One of the lesser known features of Veeam ONE is its ability to divide the virtual environment into various groupings and categories, essentially creating a view that is easier to digest from a business standpoint. This view can be valuable when you consider that most tools we would use such as vSphere client or SCVMM/Failover Cluster Manager are often configured to present information and data, for say, a more a technical perspective, something which might not be relevant or even make a whole lot of sense for all business stakeholders. 

Both Veeam ONE Monitor and Veeam ONE Reporter will use this categorization provided by Business View. Veeam ONE Reporter, enables us to generate reports and build dashboards based on the categorisation created in Veeam ONE Business View. While Veeam ONE Monitor, we can monitor Veeam ONE Business View groups of VMs, hosts, clusters and storage objects.

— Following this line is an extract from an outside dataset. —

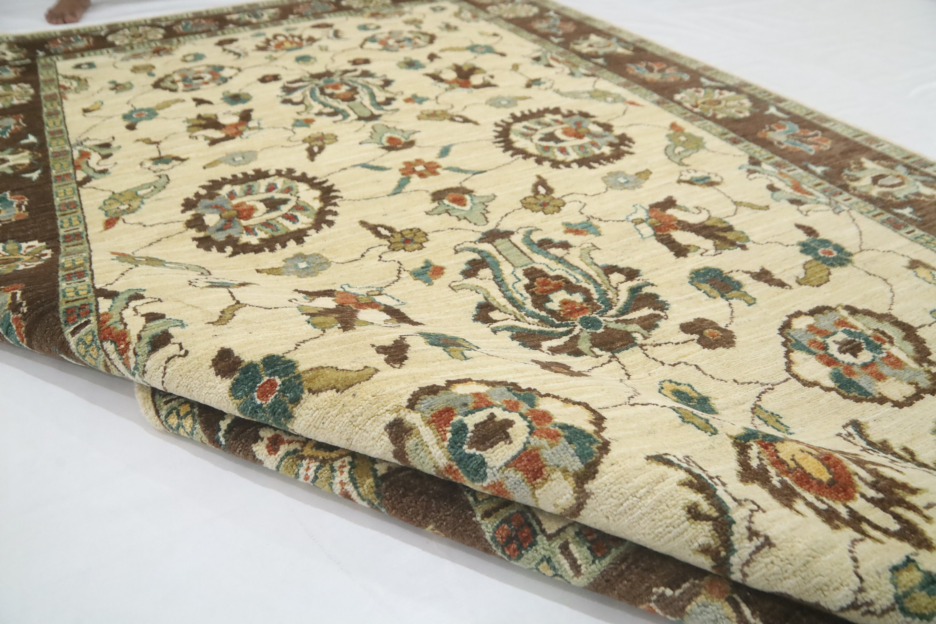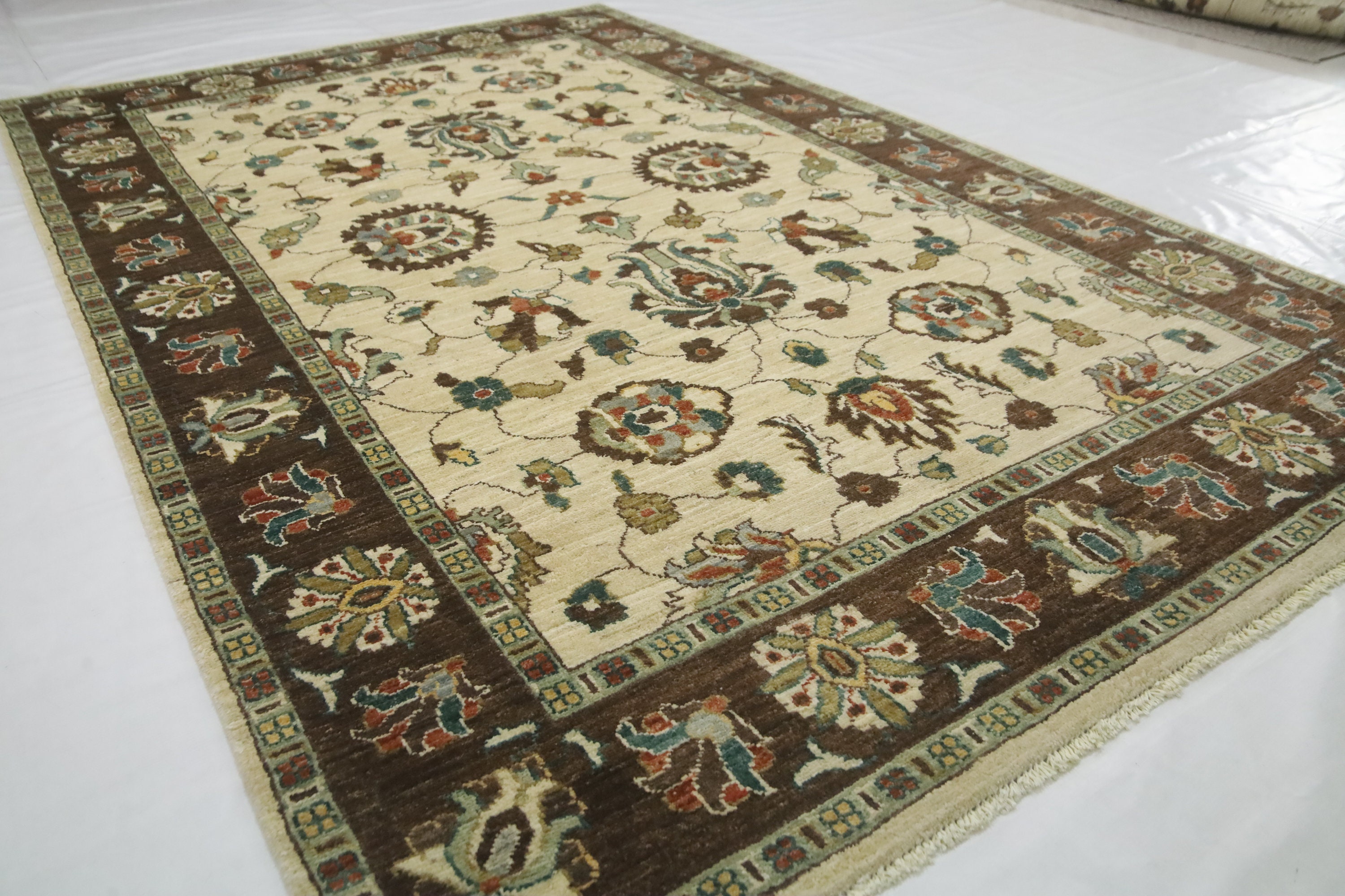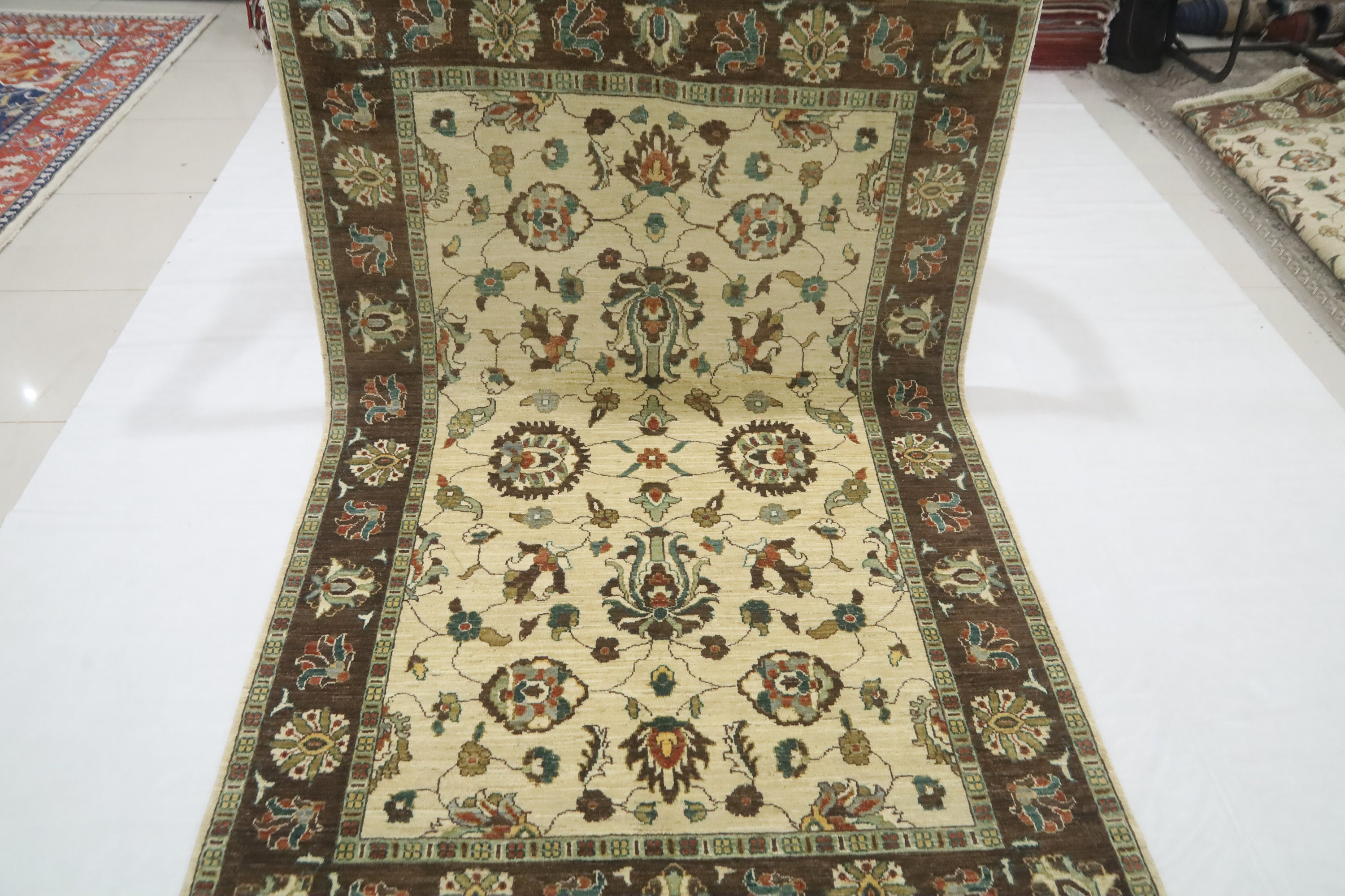 5x8 Feet Chobi Area Rug - Beige Brown Afghan Hand Made Floral Veg Dye Wool Rug - Traditional Rug - Foyer Rug - Bedroom Rug - Living Room Rug

By leveraging Veeam ONE Business View to group and categorise these objects into a hierarchy that makes more sense from a non-technical perspective such as office departments, projects, SLAs and much more we can easily review and report on resource allocation and utilisation based on these groupings.

Now that part is out of the way, I wanted to demonstrate how Veeam ONE Business View can be configured to help automate this process. We can configure set & forget rules and policies that organise objects into these group and categories. I’ve written this article to dive further into how one can configure Veeam ONE to categorise our infrastructure.

So as described above, Veeam ONE Business View presents data about VMs, hosts, storages and clusters in business terms, as they are categorized in your virtual infrastructure. In order to do this Veeam ONE Business View uses categories, groups and objects.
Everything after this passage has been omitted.